I had heard a lot of good things about this. Woody Allen could film paint drying and half the critics would rave about it, but even so I had my hopes up. My girlfriend asked what it was about and I said “tennis". Then I looked up the only description I could find which said it was about a former professional tennis player who gets involved with the daughter of a rich family and then has an affair with his girlfriend’s brother’s fiancee. This didn’t seem to be typical cute or funny Woody Allen material, and this movie is in fact not funny at all. It is a dark drama, along the lines of Dostoevsky’s Crime and Punishment, which is directly referenced in case you miss the point.

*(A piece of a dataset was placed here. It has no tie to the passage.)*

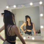照片中她站在化妆镜前,背对镜头,构图新颖。她半扎高马尾搭配性感红唇,将卫衣系在黑色背心套装外,腹肌隐约可见。

That little description describes most of the movie, which then takes a big turn in the last 30 minutes, only to have a great twist at the very end which actually made the movie seem almost worth watching. But that first couple of hours is pretty mundane. We watch as the pretty-boy former tennis player is handed a career by the family of his girlfriend. I mean the guy goes from teaching tennis lessons to having a chauffeur in no time. He quickly finds himself obsessed with the fiancee, a struggling but extremely sexy american actress played by Scarlett Johansson, who essentially plays herself only without the struggling part.

I don’t want to give away too much. The rich family is quite British, the men surprisingly tan, and London seems to be in constant summertime. My problem with the movie is there is absolutely nothing to like about the tennis player and yet we’re forced to follow him around like we care about him. He is in a dilemma entirely of his own making so I don’t really care if he finds a good way out of it or not. This is probably what critics like about the movie, but is the reason I didn’t care for it. The acting by most everyone was pretty good with the exception of Johanson who is great when she is being pretty and flirtatious but has trouble with anything more substantial.

In the end I just didn’t care about the movie and felt like I was getting pulled down to this guy’s level just by watching. He never seems motivated by anything but selfishness and you can’t even take any satisfaction from him being delightfully evil because he isn’t really trying to be awful, just doing a horrible job of being good. It reminded me a lot of The Talented Mr. Ripley where the main character was in a similar downward spiral and just stumbled along without any apparent aim (featuring similarly Jude Law-ish actors). I gave that movie a C+, and this one deserves the same.